- [Exercise directions] Print the lines below from the line with "Lista avistajes en" to the line with "ミックス海そうは、いろいろな" exactly, keeping both ends, and print no pictures.

- [Data listing]
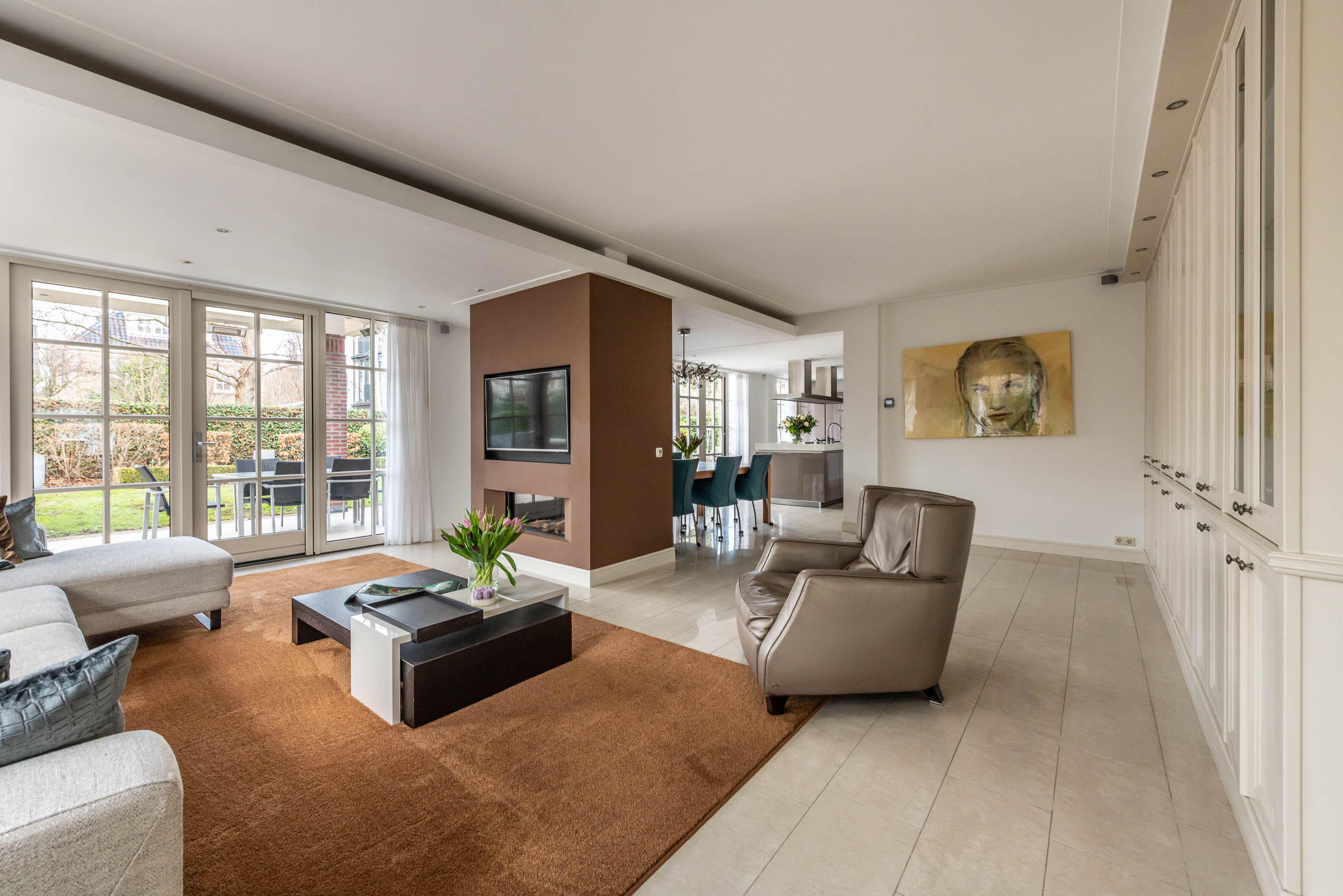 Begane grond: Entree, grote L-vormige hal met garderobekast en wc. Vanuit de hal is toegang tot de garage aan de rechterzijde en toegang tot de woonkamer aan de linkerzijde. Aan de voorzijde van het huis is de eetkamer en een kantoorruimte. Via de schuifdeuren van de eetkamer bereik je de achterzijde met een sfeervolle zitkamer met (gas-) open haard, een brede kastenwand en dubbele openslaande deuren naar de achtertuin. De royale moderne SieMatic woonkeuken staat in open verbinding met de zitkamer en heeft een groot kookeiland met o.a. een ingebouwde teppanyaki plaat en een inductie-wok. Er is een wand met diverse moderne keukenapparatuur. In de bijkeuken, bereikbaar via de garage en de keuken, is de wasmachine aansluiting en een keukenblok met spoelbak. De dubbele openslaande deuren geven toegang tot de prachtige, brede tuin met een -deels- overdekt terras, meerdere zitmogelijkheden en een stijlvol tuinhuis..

---

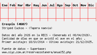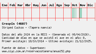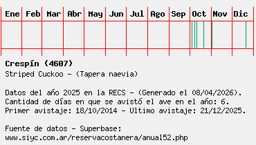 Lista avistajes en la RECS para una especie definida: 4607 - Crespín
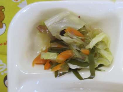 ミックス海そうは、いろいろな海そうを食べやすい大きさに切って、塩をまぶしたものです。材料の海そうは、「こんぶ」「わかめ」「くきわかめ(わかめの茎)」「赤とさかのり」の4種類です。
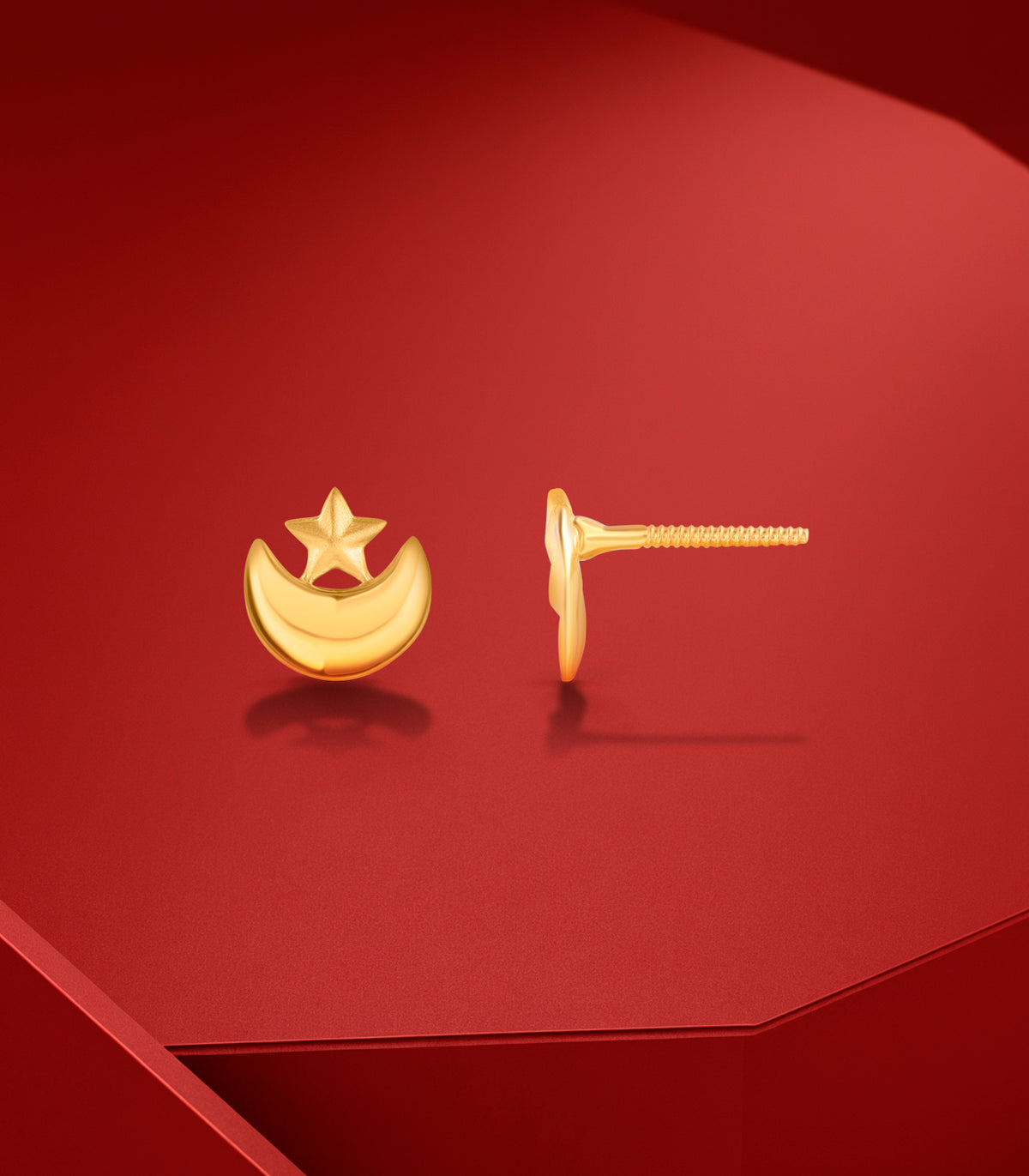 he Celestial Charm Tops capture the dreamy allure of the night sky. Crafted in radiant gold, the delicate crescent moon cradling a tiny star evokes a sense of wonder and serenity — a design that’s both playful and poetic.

- [Written response]
 Lista avistajes en la RECS para una especie definida: 4607 - Crespín
 ミックス海そうは、いろいろな海そうを食べやすい大きさに切って、塩をまぶしたものです。材料の海そうは、「こんぶ」「わかめ」「くきわかめ(わかめの茎)」「赤とさかのり」の4種類です。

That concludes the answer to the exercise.